Выйдя за дверь, она опять останавливается и говорит:
— Никого мне так не жаль, как нашу бедную Лизу. Учится девочка в
консерватории, постоянно в хорошем обществе, а одета бог знает
как. Такая шубка, что на улицу стыдно показаться. Будь она
чья-нибудь другая, это бы еще ничего, но ведь все знают, что ее
отец знаменитый профессор, тайный советник!
И, попрекнув меня моим именем и чином, она наконец уходит. Так
начинается мой день. Продолжается он не лучше.
Когда я пью чай, ко мне входит моя Лиза, в шубке, в шапочке и с
нотами, уже совсем готовая, чтобы идти в консерваторию. Ей 22
года. На вид она моложе, хороша собой и немножко похожа на мою
жену в молодости. Она нежно целует меня в висок и в руку и
говорит:
— Здравствуй, папочка. Ты здоров?
В детстве она очень любила мороженое, и мне часто приходилось
водить ее в кондитерскую. Мороженое для нее было мерилом всего
прекрасного. Если ей хотелось похвалить меня, то она говорила:
«Ты, папа, сливочный». Один пальчик назывался у нее фисташковым,
другой сливочным, третий малиновым и т. д. Обыкновенно, когда по
утрам она приходила ко мне здороваться, я сажал ее к себе на
колени и, целуя ее пальчики, приговаривал:
— Сливочный... фисташковый... лимонный...

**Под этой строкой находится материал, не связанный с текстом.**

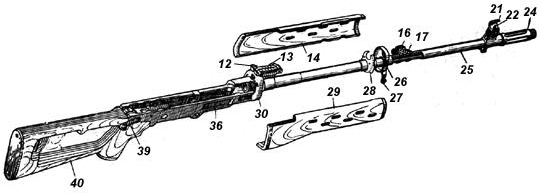 | 16 | 导气管固定销 | 38 | 扳机组件 |
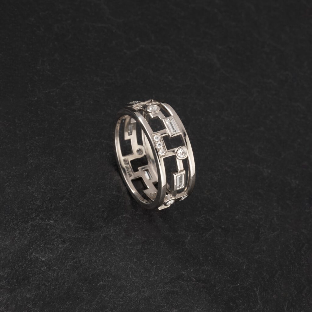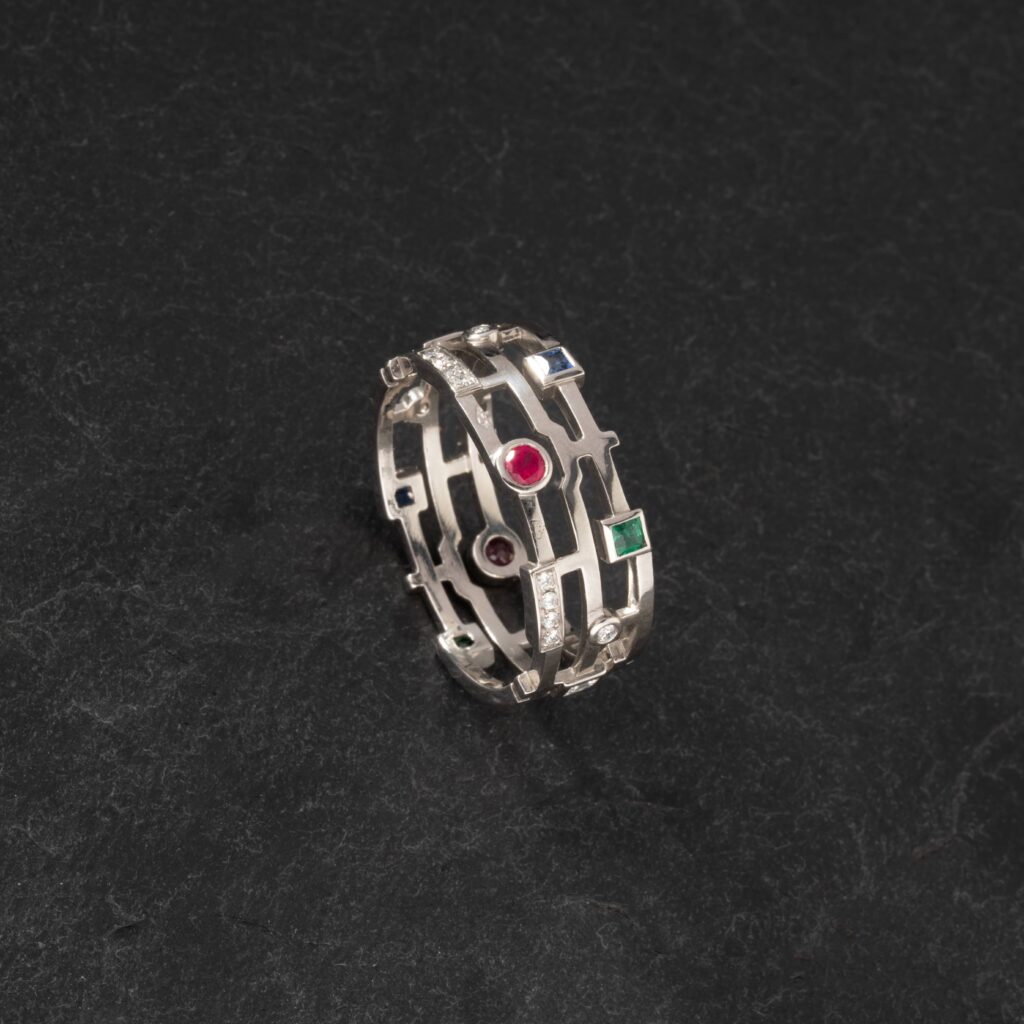Joaillier créatif et Maître artisan d’Art, Marc Alexandre conjugue plus de 30 ans de savoir-faire avec une imagination singulière. Avec la ligne « Ôm », il établit un pont entre passé et présent, reprenant les codes géométriques de l’Art déco tout en leur insufflant une vision contemporaine, sans se limiter à une simple reproduction. Fidèles à l’époque, les anneaux sont en platine et ornés des quatre pierres précieuses classiques : diamants, rubis, saphirs et émeraudes. L’originalité moderniste de cette ligne réside dans l’usage de la géométrie comme principe de construction : les pierres révèlent les formes visibles (rondes, carrées, rectangulaires) tandis que les anneaux et leurs séquences s’articulent selon la divine géométrie, notamment la division naturelle du cercle.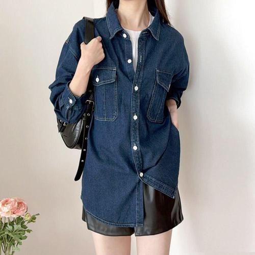 여성 루즈핏 데일리 데님 카라 캐주얼 셔츠 IN-DN24
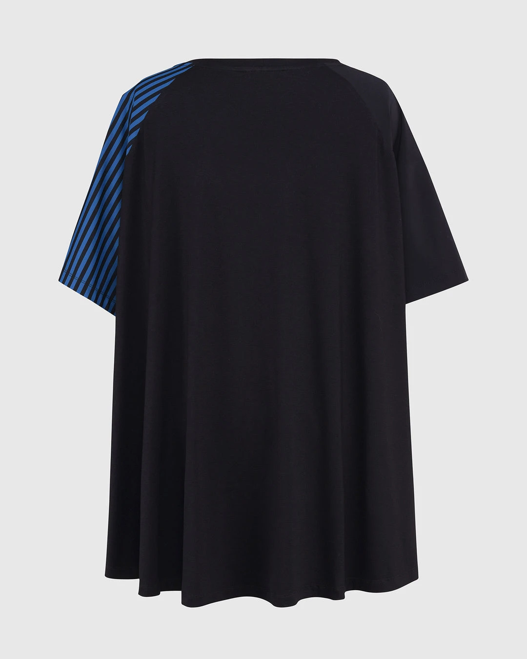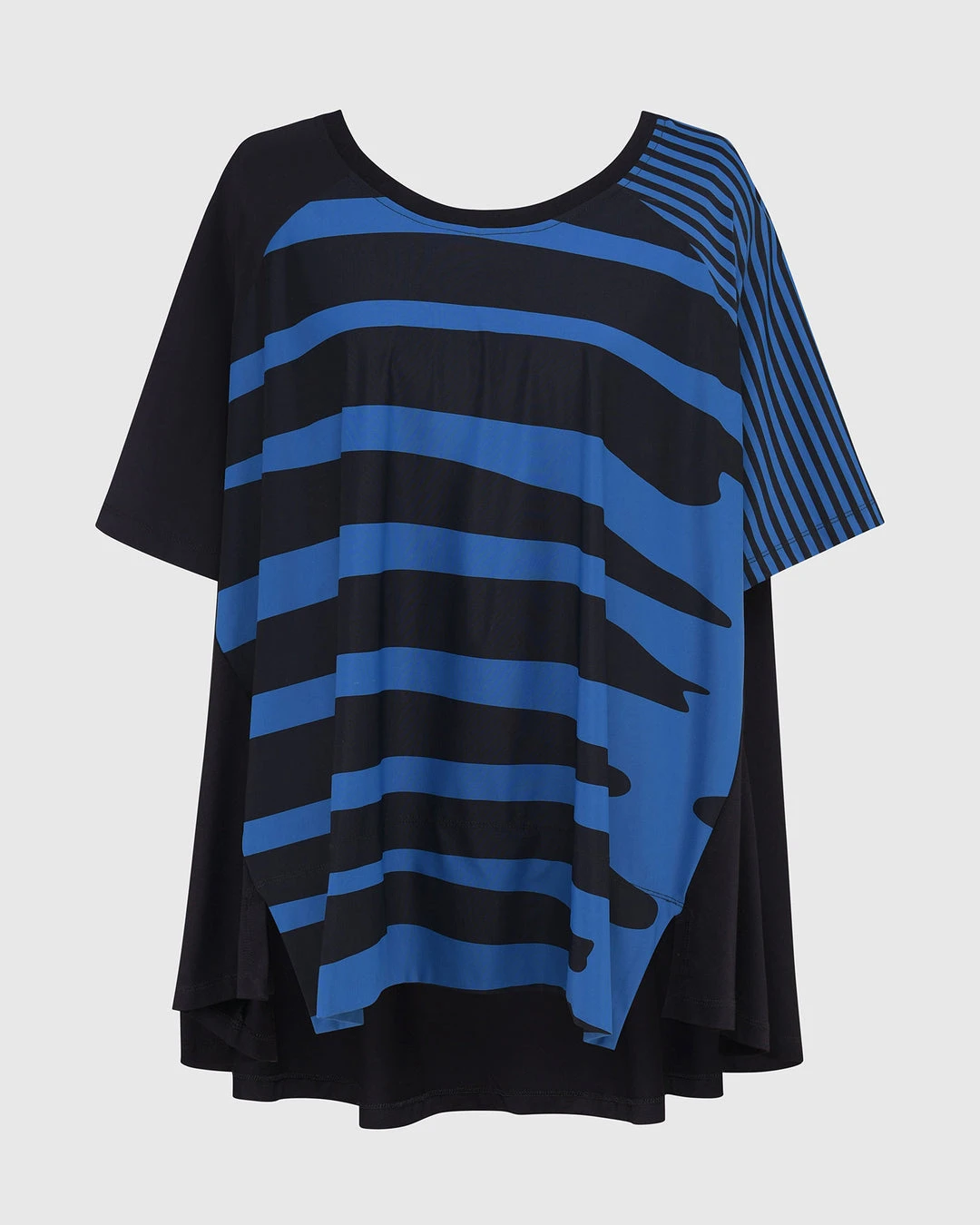 Alembika’s signature silhouette is easy chic in a mixed knit body that featues Tekbika fabric in a bold stripe pattern at front, with a coordining striped accent sleeve. This oversized swing shape features a high low hemline with front vents, along with a round neckline and raglan set short dropped sleeves.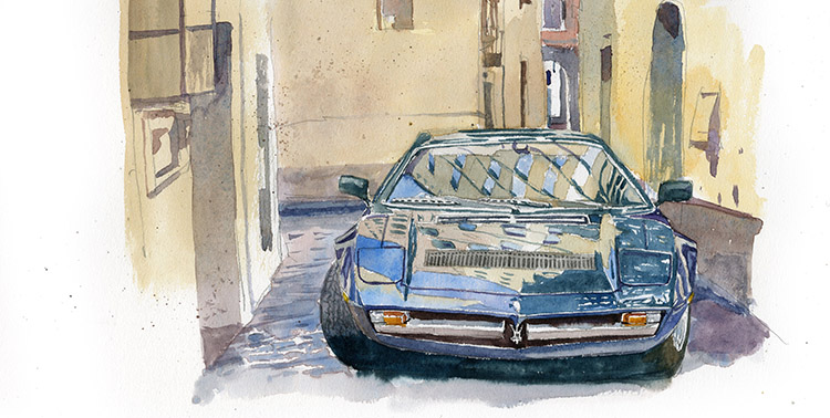細く、美しく、繊細な。1975年、パリ・サロンで発表された2シーターのミッドシップ・スーパーカー。美しいラインをもつクーペボディのスタイリングは、ピニンファリーナによるもの。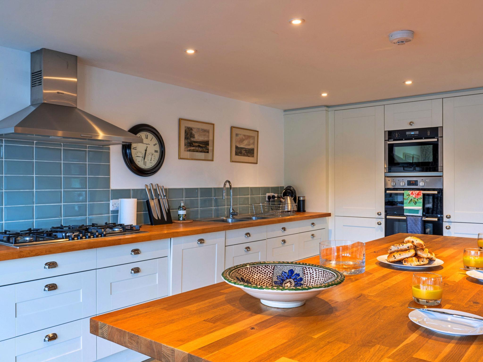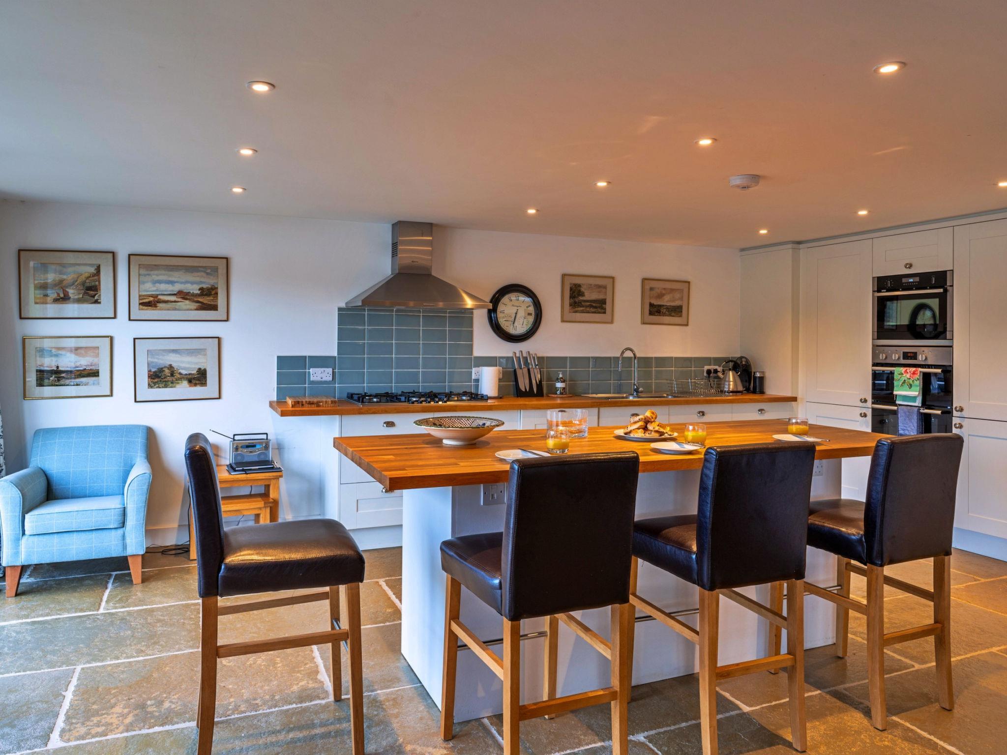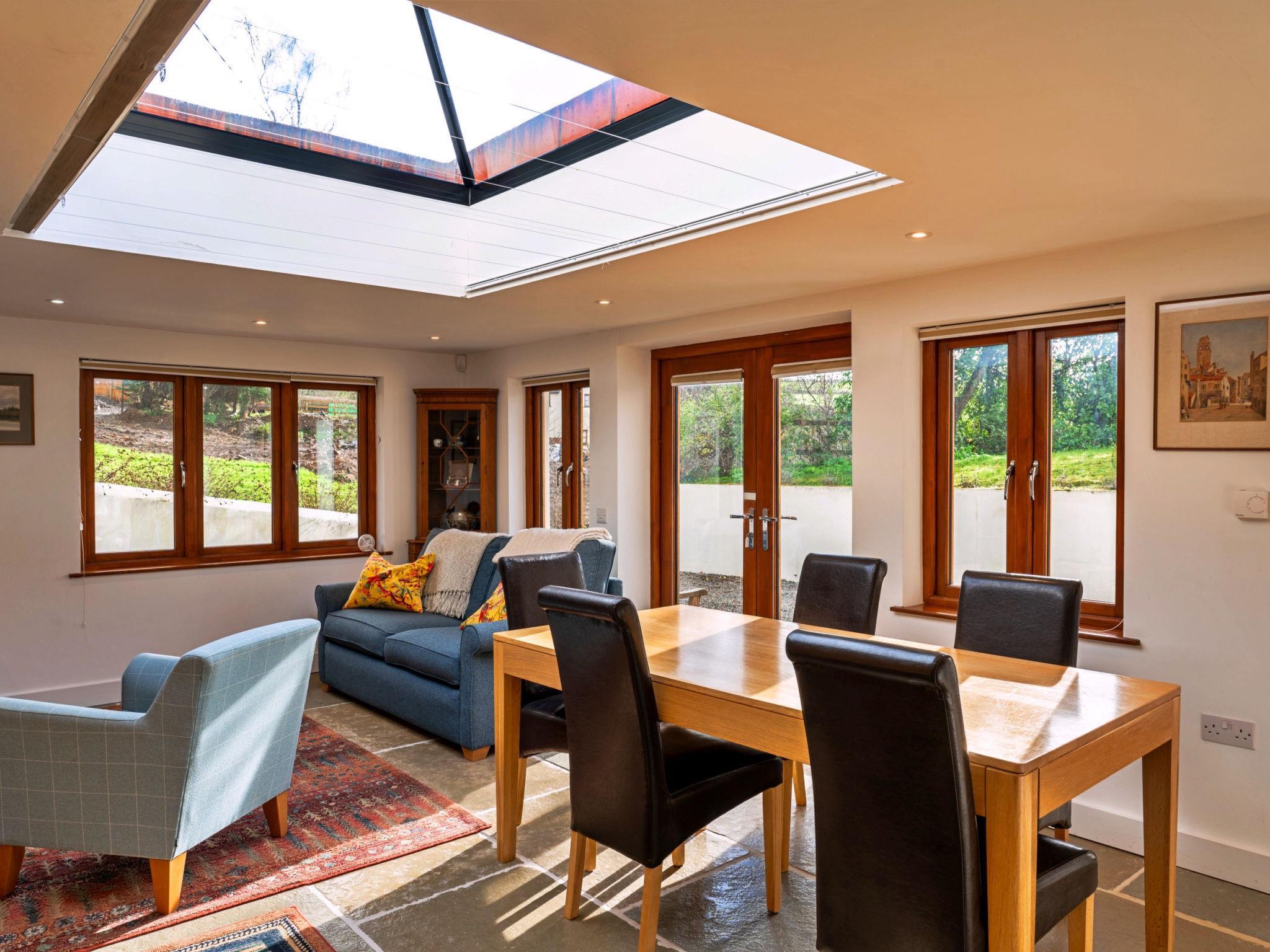 "Lower Netherdowns", 5-Zimmer-Haus 160 m2. Objekt geeignet für 8 Erwachsene. Wohnzimmer mit 1 Diwanbett, 1 Ausziehbett und offenem Kamin. 1 Zimmer mit 1 Doppeldiwanbett und 1 franz. Bett. 1 Zimmer mit 1 Doppeldiwanbett und 1 franz. Bett. 1 Zimmer mit 2 Betten. Spielzimmer. Küche (Backofen, Geschirrspüler, Toaster, Wasserkocher, Mikrowelle, Tiefkühler). Bad/WC, 3 Duschen/WC. Terrasse. Gartengrill. Sicht auf das Meer, den Garten und den Fluss. Zur Verfügung: Waschmaschine, Bügeleisen. Internet (WLAN, gratis). Parkplatz (4 Autos). Bitte beachten: Nichtraucher-Unterkunft.

И теперь, по старой памяти, я целую пальцы Лизы и бормочу:
«фисташковый... сливочный... лимонный...», но выходит у меня
совсем не то. Я холоден, как мороженое, и мне стыдно. Когда
входит ко мне дочь и касается губами моего виска, я вздрагиваю,
точно в висок жалит меня пчела, напряженно улыбаюсь и
отворачиваю свое лицо. С тех пор, как я страдаю бессонницей, в
моем мозгу гвоздем сидит вопрос: дочь моя часто видит, как я,
старик, знаменитый человек, мучительно краснею оттого, что
должен лакею; она видит, как часто забота о мелких долгах
заставляет меня бросать работу и по целым часам ходить из угла в
угол и думать, но отчего же она ни разу тайком от матери не
пришла ко мне и не шепнула: «Отец, вот мои часы, браслеты,
сережки, платья... Заложи всё это, тебе нужны деньги...»? Отчего
она, видя, как я и мать, поддавшись ложному чувству, стараемся
скрыть от людей свою бедность, отчего она не откажется от
дорогого удовольствия заниматься музыкой? Я бы не принял ни
часов, ни браслетов, ни жертв, храни меня бог, — мне не это
нужно.
Кстати вспоминаю я и про своего сына, варшавского офицера. Это
умный, честный и трезвый человек. Но мне мало этого. Я думаю,
если бы у меня был отец старик и если бы я знал, что у него
бывают минуты, когда он стыдится своей бедности, то офицерское
место я отдал бы кому-нибудь другому, а сам нанялся бы в
работники. Подобные мысли о детях отравляют меня. К чему они?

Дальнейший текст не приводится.